Entries supplied section start

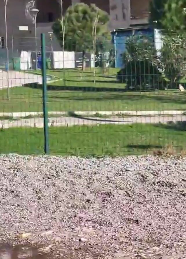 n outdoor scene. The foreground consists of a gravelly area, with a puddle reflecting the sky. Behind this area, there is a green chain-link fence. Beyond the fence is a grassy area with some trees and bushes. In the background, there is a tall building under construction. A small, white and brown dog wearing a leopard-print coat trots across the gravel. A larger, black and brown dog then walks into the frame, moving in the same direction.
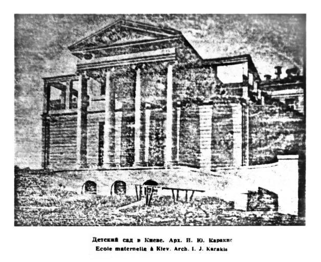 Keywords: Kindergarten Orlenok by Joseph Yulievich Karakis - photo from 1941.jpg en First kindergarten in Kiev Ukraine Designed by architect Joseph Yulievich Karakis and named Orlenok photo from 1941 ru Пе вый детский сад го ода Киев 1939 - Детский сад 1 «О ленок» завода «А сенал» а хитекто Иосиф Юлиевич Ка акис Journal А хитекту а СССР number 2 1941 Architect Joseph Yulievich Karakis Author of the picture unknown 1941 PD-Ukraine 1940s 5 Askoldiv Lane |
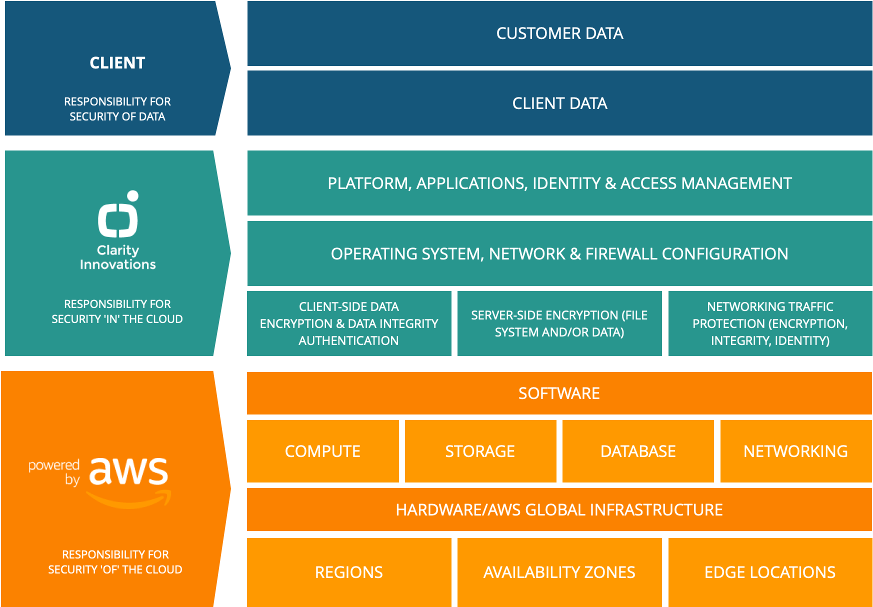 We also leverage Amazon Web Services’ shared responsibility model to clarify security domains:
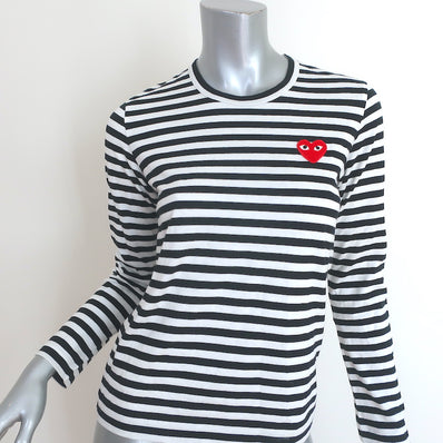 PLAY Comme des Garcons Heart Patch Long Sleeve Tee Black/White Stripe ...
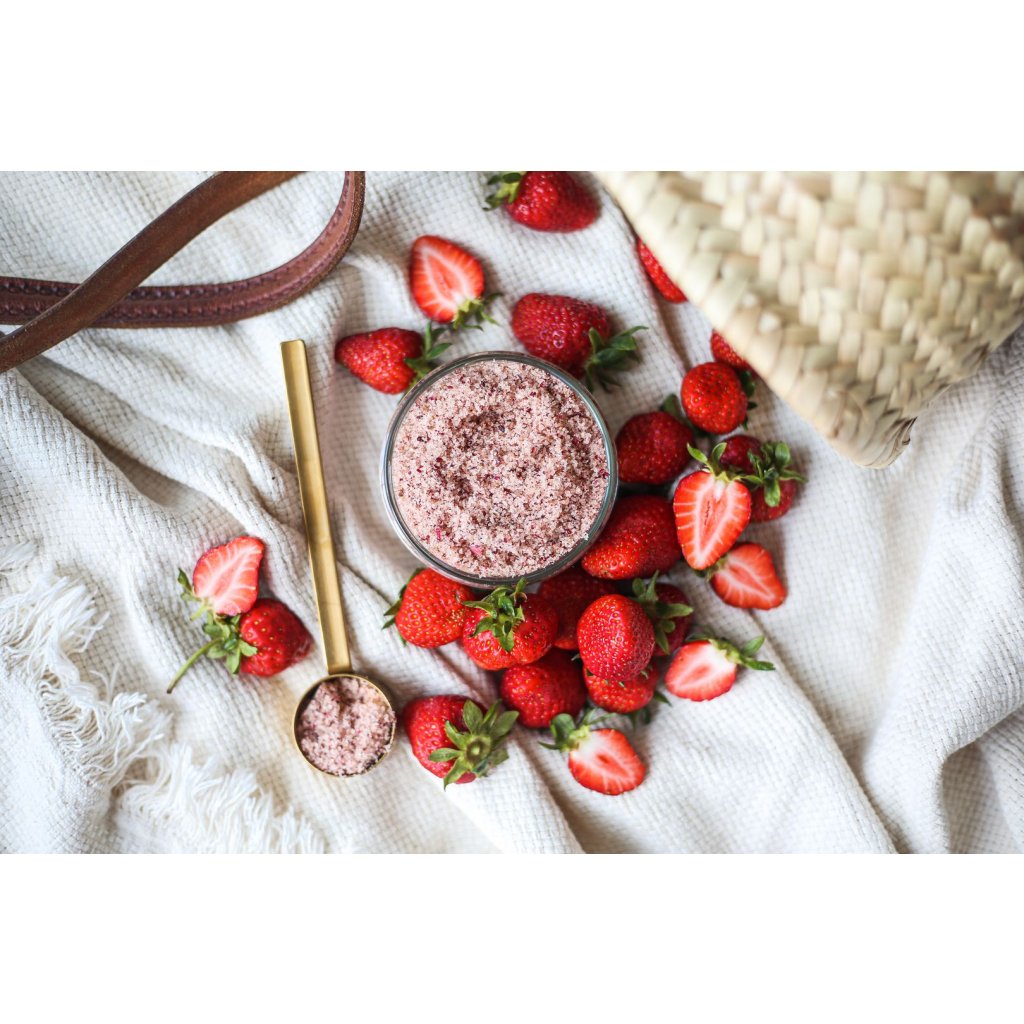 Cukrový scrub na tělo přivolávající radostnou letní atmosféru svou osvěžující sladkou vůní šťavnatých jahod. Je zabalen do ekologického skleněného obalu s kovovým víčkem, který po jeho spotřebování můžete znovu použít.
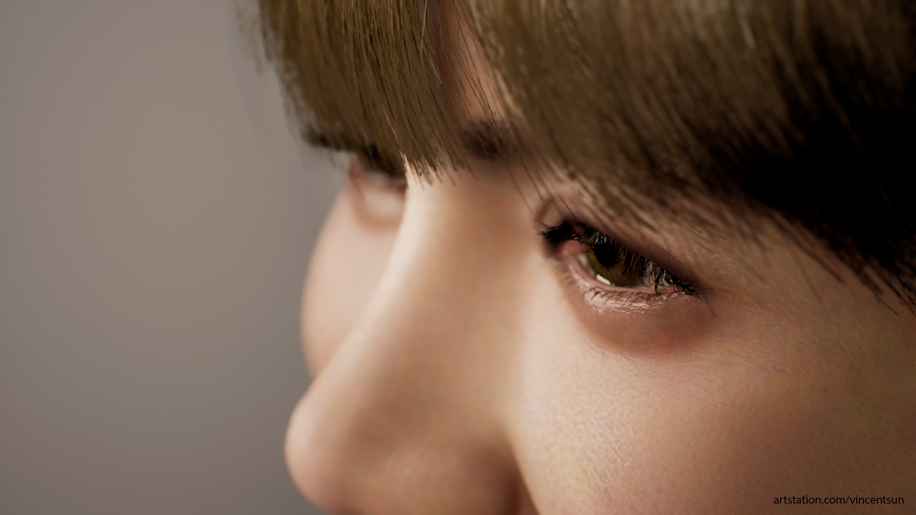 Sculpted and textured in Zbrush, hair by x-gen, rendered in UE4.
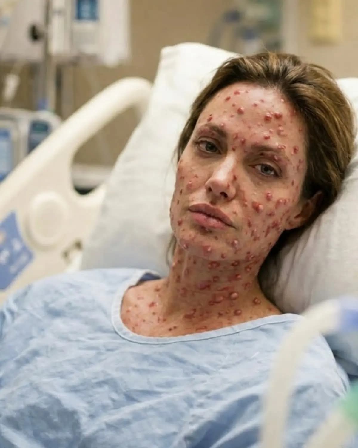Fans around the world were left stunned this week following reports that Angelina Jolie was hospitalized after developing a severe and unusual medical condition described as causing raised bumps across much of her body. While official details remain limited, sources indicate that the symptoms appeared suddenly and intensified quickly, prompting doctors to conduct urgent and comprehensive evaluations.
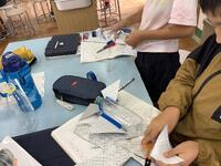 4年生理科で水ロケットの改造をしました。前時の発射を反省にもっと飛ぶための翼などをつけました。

Entries supplied section end

> [Work instructions]: Every entry above should come back exactly as written, except for its pictures.

> [Answer space]:
 n outdoor scene. The foreground consists of a gravelly area, with a puddle reflecting the sky. Behind this area, there is a green chain-link fence. Beyond the fence is a grassy area with some trees and bushes. In the background, there is a tall building under construction. A small, white and brown dog wearing a leopard-print coat trots across the gravel. A larger, black and brown dog then walks into the frame, moving in the same direction.
 Keywords: Kindergarten Orlenok by Joseph Yulievich Karakis - photo from 1941.jpg en First kindergarten in Kiev Ukraine Designed by architect Joseph Yulievich Karakis and named Orlenok photo from 1941 ru Пе вый детский сад го ода Киев 1939 - Детский сад 1 «О ленок» завода «А сенал» а хитекто Иосиф Юлиевич Ка акис Journal А хитекту а СССР number 2 1941 Architect Joseph Yulievich Karakis Author of the picture unknown 1941 PD-Ukraine 1940s 5 Askoldiv Lane |
 We also leverage Amazon Web Services’ shared responsibility model to clarify security domains:
 PLAY Comme des Garcons Heart Patch Long Sleeve Tee Black/White Stripe ...
 Cukrový scrub na tělo přivolávající radostnou letní atmosféru svou osvěžující sladkou vůní šťavnatých jahod. Je zabalen do ekologického skleněného obalu s kovovým víčkem, který po jeho spotřebování můžete znovu použít.
 Sculpted and textured in Zbrush, hair by x-gen, rendered in UE4.
Fans around the world were left stunned this week following reports that Angelina Jolie was hospitalized after developing a severe and unusual medical condition described as causing raised bumps across much of her body. While official details remain limited, sources indicate that the symptoms appeared suddenly and intensified quickly, prompting doctors to conduct urgent and comprehensive evaluations.
 4年生理科で水ロケットの改造をしました。前時の発射を反省にもっと飛ぶための翼などをつけました。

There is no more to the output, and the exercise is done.